Call me a dinosaur. Here it is August 2014, and I am still using an Indigo iBook G3 running OSX 10.2.8 (Jaguar) on my home network because it can be used as a FAX machine. (And, well, for the approximately biannual Internet outage wherein I need to revert to dial-up and share the connection … which works surprisingly well for most day-to-day stuff. But I digress.) I've been running the long-discontinued PageSender software which was actually pretty nice, but the other day, it failed to bother to send a PDF. I figured it was a good idea to retire the iBook for its modem duties and just buy a USB modem. I opted for a USRobotics USR5637 56K USB Modem (from TigerDirect because I've been buying stuff from them since the 1990s).

It installed pretty easily and I was able to add it as a FAX modem per the System Preferences:Print & Fax page. One thing that I noticed was there was no place to enter the Called Subscriber ID (CSID) which is usually the same as the Transmitting Subscriber ID (TSID) and what I always thought was called the "Station ID" although my physical FAX machine's instructions simply refers to "Entering your name and phone number." In short, when you send a FAX, your phone number and TSID appear at the top of the page (and you can view the CSID of the FAX you just called).
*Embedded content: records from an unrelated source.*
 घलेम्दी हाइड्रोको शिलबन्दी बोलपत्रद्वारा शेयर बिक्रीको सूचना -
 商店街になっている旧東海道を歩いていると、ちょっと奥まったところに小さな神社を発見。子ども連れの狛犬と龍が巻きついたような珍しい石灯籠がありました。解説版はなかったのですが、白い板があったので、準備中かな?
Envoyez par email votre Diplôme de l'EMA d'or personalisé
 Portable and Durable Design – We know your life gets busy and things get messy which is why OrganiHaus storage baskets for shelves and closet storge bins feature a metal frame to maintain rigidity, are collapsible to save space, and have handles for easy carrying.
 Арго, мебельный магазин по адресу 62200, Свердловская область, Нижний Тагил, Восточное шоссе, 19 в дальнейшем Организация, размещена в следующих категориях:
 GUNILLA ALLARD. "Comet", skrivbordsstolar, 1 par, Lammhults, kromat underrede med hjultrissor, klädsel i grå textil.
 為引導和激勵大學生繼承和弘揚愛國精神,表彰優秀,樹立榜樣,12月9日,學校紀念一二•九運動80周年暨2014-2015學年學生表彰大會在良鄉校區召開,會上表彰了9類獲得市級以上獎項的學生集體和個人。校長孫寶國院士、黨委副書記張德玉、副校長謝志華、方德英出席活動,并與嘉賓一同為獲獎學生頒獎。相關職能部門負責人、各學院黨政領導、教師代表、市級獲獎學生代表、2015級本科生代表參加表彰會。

But in OSX 10.6.8 (Snow Leopard), there is only a space for "FAX Number".

My first reaction was to try and install PageSender to no avail: the installer failed to start on Snow Leopard.
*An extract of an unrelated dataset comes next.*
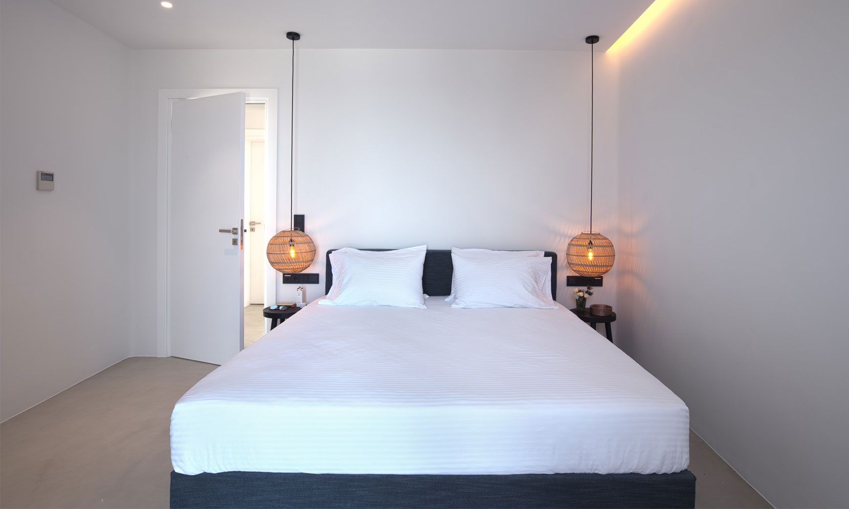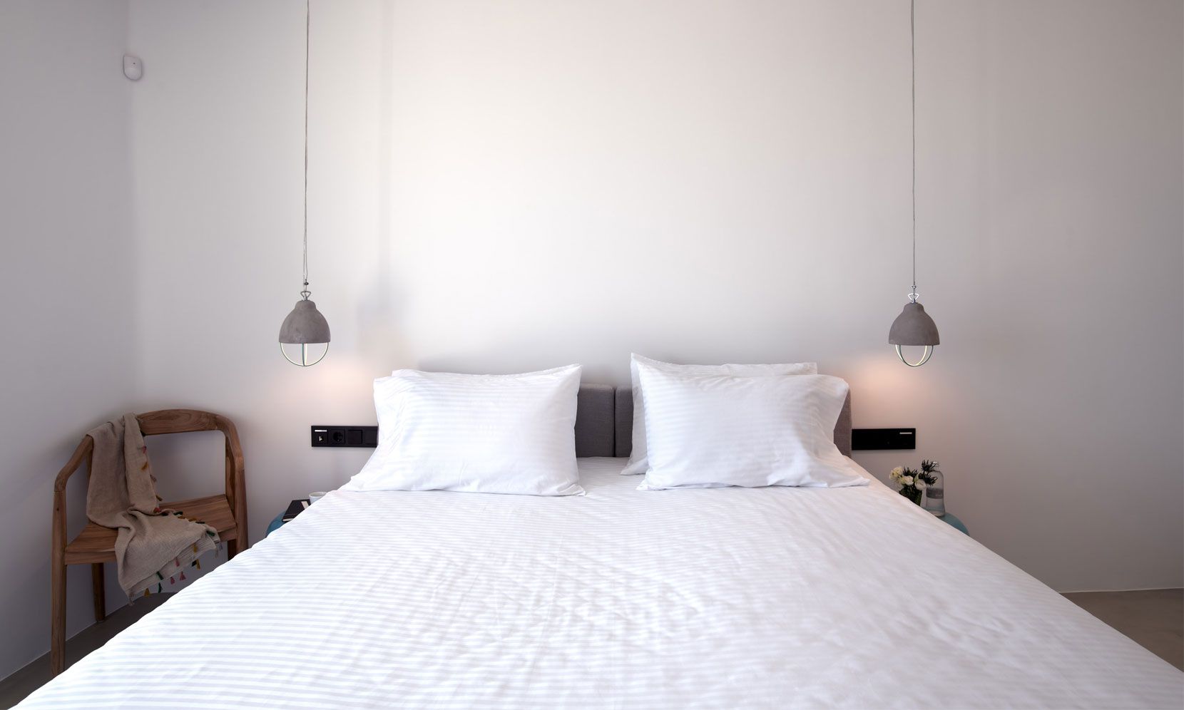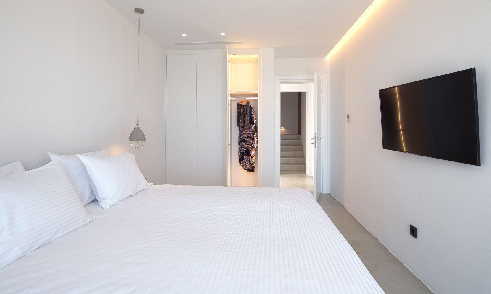 Under the traditional exterior are contemporary living areas meticulously designed to convey a sense of sophistication and relaxation at the same time. Minimal to a fault, the indoor spaces boast concrete floorings and a uniform white palette that is complemented by discrete details in black and blue. A few wooden and wicker details node to the house’s natural surroundings. There is a deliberate lack of ornaments here that serves a dual purpose: to acknowledge the fact that the landscape is the only protagonist in this scene, and to inspire a sense of absolute tranquility without unnecessary distractions. All around the house, windows and glass doors are used to connect the interior to the terraces and offer different views of the setting. The house comprises two levels; the ground level features a light-filled living room, a fully equipped kitchen, a bedroom with independent entrance and a bathroom, while the other three bedrooms and their respective bathrooms are located at the lower level.

So then I started digging. I started a free FAX account so I could experiment. I set the FAX number to my real FAX number and sent a FAX successfully. Both the FAX number and TSID appeared as that number. Next, I took a peek at the internal options: I opened a terminal session and (well, after some digging) entered:

defaults read /Library/Preferences/com.apple.print.FaxPrefs

Which resulted in:

{
EmailFax = 0;
FaxNumber =
(my FAX number);
PrintFax = 0;
PrinterID = "
(my default printer)";
ReceiveFaxID = "USRobotics_56K_Modem";
RingCount = 1;
SaveFax = 1;
SavePath = "
(my FAX receive folder)";
"device-uri" = "fax://dev/cu.usbmodem0000001";
}

It appears, therefore, that there is no place to enter a proper CSID/TSID. Tinkering with the preferences again, I tried entering text into the FAX number field—assuming it was indeed a substitute for the CSID/TSID. Indeed, this replaced "FaxNumber" in my FaxPrefs.

I looked around for modem logs, but that wasn't an option … only some error logs existed which could be accessed through the wackadoodle CUPS HTTP interface. If you have OSX, you can probably link to http://127.0.0.1:631/ and muck around with things you probably shouldn't touch.
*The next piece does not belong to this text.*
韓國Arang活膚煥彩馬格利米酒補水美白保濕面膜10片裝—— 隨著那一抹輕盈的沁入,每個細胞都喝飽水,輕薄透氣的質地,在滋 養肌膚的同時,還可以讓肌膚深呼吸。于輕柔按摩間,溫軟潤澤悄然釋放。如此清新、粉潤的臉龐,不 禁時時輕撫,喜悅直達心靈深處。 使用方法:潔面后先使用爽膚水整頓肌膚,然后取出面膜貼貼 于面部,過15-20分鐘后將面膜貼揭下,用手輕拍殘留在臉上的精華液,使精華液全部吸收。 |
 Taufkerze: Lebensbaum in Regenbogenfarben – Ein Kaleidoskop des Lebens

Another thought was to try setting the CSID directly in the FAX modem. Once upon a time, Hayes-compatible modems connected through RS-232 interfaces and had internal non-volatile memory to store settings, although back then, the S-registers could only contain one byte and it was rare to find more than tens of bytes of storage inside a modem. I found an old article on Apple.com which defined a clunky way to do it and it got me to access the modem. At first I couldn't see what I was typing, so I entered an ATE1 to enable command echo. Man, that takes me back … the first time I typed it was somewhere around 1987 and the last time was probably more than 20 years ago.

There exists a "standard" Hayes-compatible AT command +FLID="local ID" which is used to set the local ID in a TSI or CSI frame. But it's only supported with modems that have Class 2 FAX support: AT+FCLASS=? returns 0,1,8 which apparently means the USRobotics modem supports data (0), Class 1 FAX (1), and voice commands (8). The latter of which interestingly implies I could use it as an answering machine … maybe.

Now that I'm invested a couple hours in, I thought I'd crack open the modem's internal documentation. Indeed, it has no support for the +FLID command which I already confirmed. Alas, the AT commands appear to be a dead-end as well.

In the end, I decided to leave the modem alone and just use my FAX number as a station ID. It is sufficient and effective—and it certainly wasn't worth the hours of fooling around … but once I get started on a short project like this, I like to see it through to the end.